Louis stuck the notebook in his pocket. “I don’t put much stock in luck, Doctor.”
“No,” she said. “I don’t suppose you would.”
He held the door for her. They paused in the corridor. “Where’s your driver?” Louis asked.
“He wouldn’t leave the building,” Dr. Seraphin said.
“He’s not far, I assure you. Why do you ask? Are you afraid your killer will get him?”
“This is no game, Doctor,” Louis said. “The man has been inside this building and he is dangerous.”
Dr. Seraphin’s eyes swept over the graffiti-scarred walls and the shadowed doorways.
“I think we better go look for him,” Louis said.
CHAPTER 29
They went to the front entrance first, but there was no sign of Oliver in the lobby or outside. Louis started back down the hall, Dr. Seraphin close behind. They were near the back of the ground floor when Louis stopped suddenly.
Smoke. A bare whiff of it in the cold air.
Louis put out a hand to keep Dr. Seraphin back. He moved forward slowly toward the room at the end of the hall. With a quick glance back at the doctor, he stepped inside.
Oliver was standing in the corner, a cigarette frozen in his hand.
“Jesus,” Louis breathed.
A moment later, Dr. Seraphin was at his side. She stared into the room at Oliver.
“What are you doing?” she demanded.
“I just wanted a smoke, ma’am,” he said. “It was too cold to go outside.” Oliver had snuffed out the cigarette and was standing there like a boy caught in a dirty deed.
Dr. Seraphin gave Oliver a frown, but slowly her eyes began to wander over the plastic tables and stainless steel countertops.
Louis realized the room looked cleaner than the last time he had been in it. He guessed that the state cops had searched the building after Rebecca Gruber was found. He noticed dark fingerprint powder smudges around the windowsills and door frames.
As he took a step into the room, something caught his eye in the faint light. It was a large can, and he knew it hadn’t been here before.

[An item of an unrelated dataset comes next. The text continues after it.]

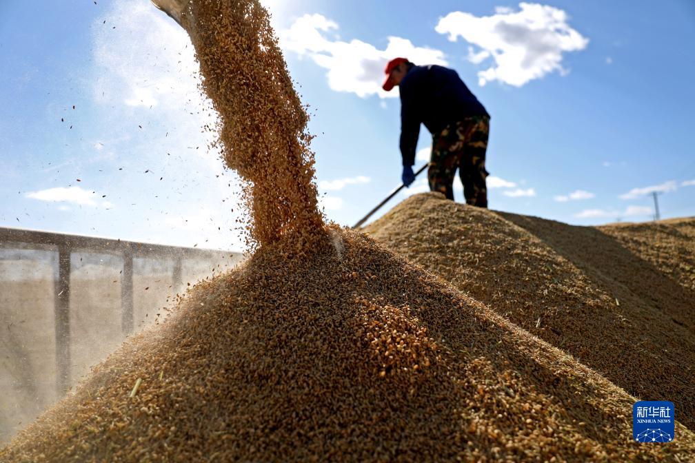 10月20日,一名工人在盤(pán)錦市遼河三角洲尤巧元家庭農場(chǎng)的貨車(chē)里整理剛剛收割裝運的水稻。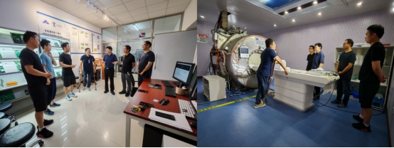 在王凯教授的带领下,宋长明院长一行参观了实验室,并结合实验室设备情况深入探讨了研究生教育创新培养示范基地的建设方案和未来规划,就双方深入合作达成了共识。

He walked to it. It had been opened with a can opener, but the top was pushed down inside. He got out a pen and used the tip to lift it open.
The can was half-full of creamed corn, a large serving spoon stuck in it. Louis used the lid to turn it so he could read the label. Southern Michigan Food Supply. Hidden Lake Hospital.
“Doctor,” Louis said, “any idea where this might have come from?”
Dr. Seraphin came up behind him. “The hospital kitchen, I would presume.”
Louis pushed the lid back down to see if there was any stamping or embossing on top. There was none, and he grabbed an old paper towel from the floor and used it to lift the can up so he could see the bottom. In small print, stamped on the bottom, he saw a series of letters and numbers, and the date April 1987. Over a year ago.
“I’d bet there are a lot of these missing from the kitchen over the past few years,” Louis said.
“The police didn’t think to take that?” Dr. Seraphin asked.
Louis set the can down and stood up. “It wasn’t here when they searched. I’d bet it’s been here less than a day or two.”